FROM THE PRINT EDITION: Best food finds from Bosnia, France, Italy, and Ukraine
Eating & Drinking

FROM THE PRINT EDITION: Best food finds from Bosnia, France, Italy, and Ukraine

As part of our Think Global, Eat Local feature, we bring you the tastes of Europe




Experience an Italian renaissance
By Cindy Deachman

Know of any Italian blood in White Lake, Renfrew County, south of Arnprior? Certainly no place names sound Italian. There’s Scotch Bush and Waba. Then Lafleurs Lake and Mount St. Patrick. Now Streich Lake, Ompah, and Flower Station. Historically speaking, you’d never know it, but right in the hub of White Lake can be heard the rumblings of an Italian renaissance. A reawakening, all right, with food at its heart. At a restaurant named Castlegarth.

Eight years ago Matthew Brearley returned to his village with his wife, Jennifer, opening up shop just up the road from his parents’ farm. Now no Italian restaurant in the Ottawa Valley can match it for local, organic produce, not to mention terrific food. For years, Matthew has been spellbound by Italian country cooking. He caught the bug from Toronto chef Andrew Milne-Allan, a man he describes as a crazy New Zealander who is more Italian than real Italians. “He’d even squeeze the grapes for his own wine!” exclaims Matthew. “I wanted to learn how to cook like that.” His experiences while working with Milne-Allan from 2001 to 2002 gave Matthew the courage to find his own voice, inventiveness, and ambition.
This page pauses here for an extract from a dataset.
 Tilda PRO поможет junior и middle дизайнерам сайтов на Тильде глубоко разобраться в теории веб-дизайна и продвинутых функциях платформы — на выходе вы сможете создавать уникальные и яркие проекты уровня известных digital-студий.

On this day, he rolls out his pasta dough and lays down spoonfuls of ricotta, homemade with lemon juice (taste it, then marvel). He cuts the dough and shapes it into large-format ravioli, cooks them, and serves them strewn with his own crispy prosciutto, asparagus (in springtime), and a dusting of parmigiano. Cut into a pouch, and raw yolk breaks out. Pasta, self-sauced. Not a regular menu item, unfortunately.
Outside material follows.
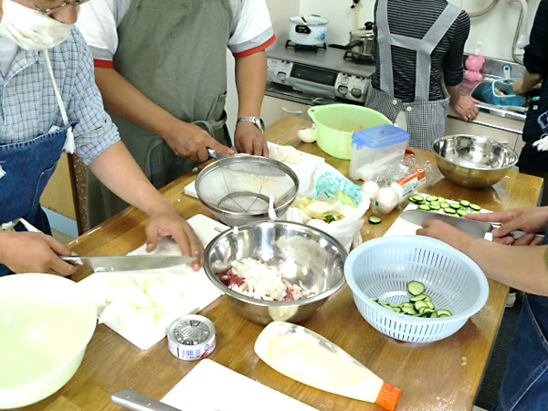 昼食づくりや創作活動、レクリエーション等を通して、仲間づくりや生活リズムを整えていくことを目的としています。創作活動では、主にくるみボタンを使った小物づくりをしています。

Meanwhile, Jennifer keeps Castlegarth humming. At the door, she gives a warm welcome. She is also the sommelier, one with verve and imagination. Who knew, for instance, that Alsatian gewürztraminer would balance Matthew’s homemade mortadella with pistachios? The couple has also opened a storefront. They sell their duck rillette, pork liver pâté, legs of prosciutto, dried fruit mostarda, pickled cabbage, and other preserves, as well as bread from a local baker. Now you’ll be able to choose between the in-house bounty and the bounty to go.